Тело жены казалось горячее обычного, и вся она, пытавшаяся свернуться клубком и уткнувшаяся мужу в подмышку, была еще более неуклюжей, чем прежде. Это наблюдение переломило настроение Кусты; такая смена чувств случалась у него и прежде. Да и последняя фраза жены привлекла его внимание: до сих пор он никогда не задумывался, могло ли у этой Хильмы, дочери Плихтари, быть что-то такое раньше, до ее прихода в Салмелус. Теперь, из этих оброненных женой в сердцах слов, он понял, что, по крайней мере, на сей счет можно быть уверенным. Хильме, похоже, и в голову не пришло приравнять к таким случаям то, что произошло между ними, — и это было надежнее любых заверений. Растроганный, он ласкал жену нежно, как прежде, когда она еще была девушкой…

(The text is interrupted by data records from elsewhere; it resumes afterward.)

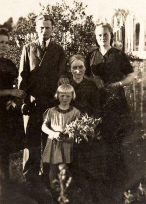 Mała Teresa Sobol (z kwiatami) z mamą, ojcem i krewnymi
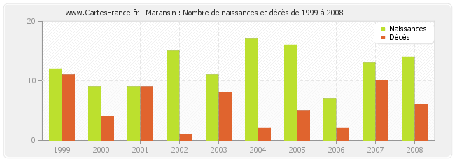 - Maransin en 2008 : 14 naissances et 6 décès
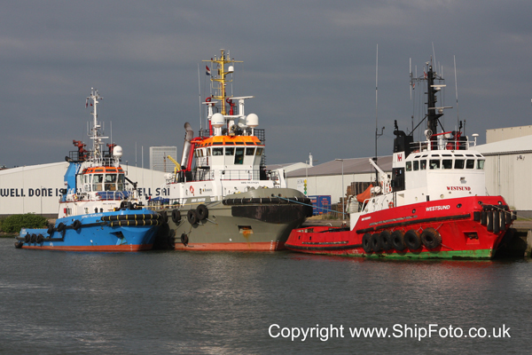 Tugs WESTSUND, UNION FIGHTER and OSPREY FEARLESS in Lekhaven.
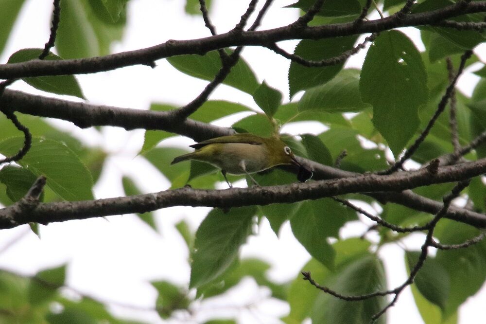 5月22日(金)の鳥さんのVol.1です。この日は夜勤明けに八柱霊園に行った後に春木川(国分川)に行きました。そして、この日も雨のちらつく天気でした。八柱霊園で森の近くに行くもののなかなか鳥が現れません。何か動くものがいたと思ったら久々に見るメジロでした。何かを咥えていたと思ったらヒナに餌を与えていました。
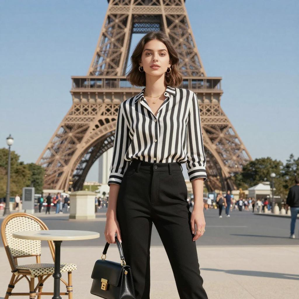 Photograph of a confident young woman with shoulder-length brown hair standing in front of the Eiffel Tower on a sunny day. She's wearing a black and white striped blouse with black high-waisted pants, holding a black handbag with gold accents. She's standing near a table with a checkered chair, looking directly at the camera. The background shows a clear blue sky and a few trees.
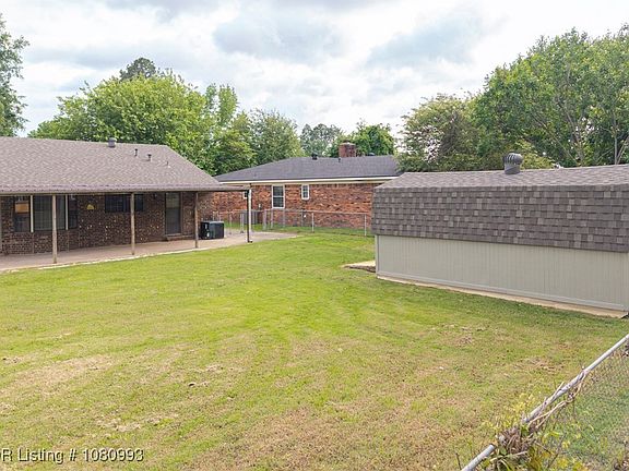 This beautifully renovated 3-bedroom, 2-bathroom home is conveniently situated in Fort Smith, near the Arkansas/Oklahoma State Line. Both the roof and hot water tank are about 2 years old. The kitchen features modern white appliances, including a gas cooktop, double ovens, built-in microwave, and refrigerator. Updated paint complements the primary bathroom's new walk-in shower and the guest bathroom's tub-shower combo. The den boasts a wood-burning fireplace, and there's a second living room near the entryway. A versatile room between the laundry and kitchen can be used as an office or hobby space. The garage includes an additional storage room. The spacious backyard is fenced, featuring a shaded, covered porch. The newly painted storage building is included with the home.
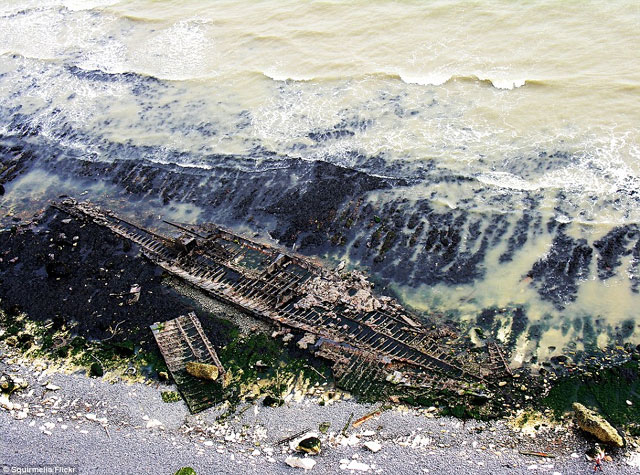 Ό,τι απέμεινε από το «SS Falcon», το οποίο ναυάγησε στο Ντόβερ της Μεγάλης Βρετανίας το 1926, όταν στο φορτίο του εκδηλώθηκε πυρκαγιά

Последовали тихие, благодатные часы покоя, но утром Куста и Хильма проснулись ранее обычного. Сначала они как бы напоминали друг другу что-то взглядами, затем возник негромкий разговор.
Хильма теперь впервые рассказывала мужу все как есть о своем брате Ийвари, похоже, она была в курсе его нынешних дел. Ээва Вооренмаа небось уже родила, и ребенок, видать, от Ийвари, тут никуда не денешься. Однако же Вооренмаа вроде бы дали знать, что дело можно уладить без суда, если Ийвари согласится заплатить Ээве пятьсот марок. И заплатить он должен до Рождества, иначе повестка к ленсману будет ему вместо рождественского подарка. Но ведь у Ийвари таких денег нет — разве что он возьмет где-нибудь в долг, а потом помаленьку отработает.
Куста отнесся к делу так, словно Хильма обратилась к нему с прямым вопросом или просьбой.
— Тебе надо самой сходить туда сегодня и все выяснить, — сказал Куста, одеваясь и давая понять мягкостью самого тона, что Хильме можно еще остаться в постели. И она осталась — лишь отвечая на его теплое внимание, хотя никакой необходимости лежать у нее не было. Впрочем, так, в постели, можно было подумать об остающихся неделях и о приготовлениях — уже сделанных и тех, что еще предстояли.
Земля подмерзла, но снег пока не выпал. Дорога из Салмелуса в Плихтари была бы удовольствием даже и для худшего ходока, и Куста после короткого обсуждения согласился, чтобы Хильма пошла пешком. Было приятно видеть жену, идущую по дороге, удаляющуюся от дома для выяснения щекотливого дела. Походка Хильмы сделалась тяжеловатой, но все же была достаточно упругой, чтобы, глядя на нее, спутник жизни ощутил тепло. Самой Хильме ходьба доставила сильную, не испытанную ранее радость: лишь теперь, приближаясь к родному двору, она почувствовала себя уверенной хозяйкой большого имения.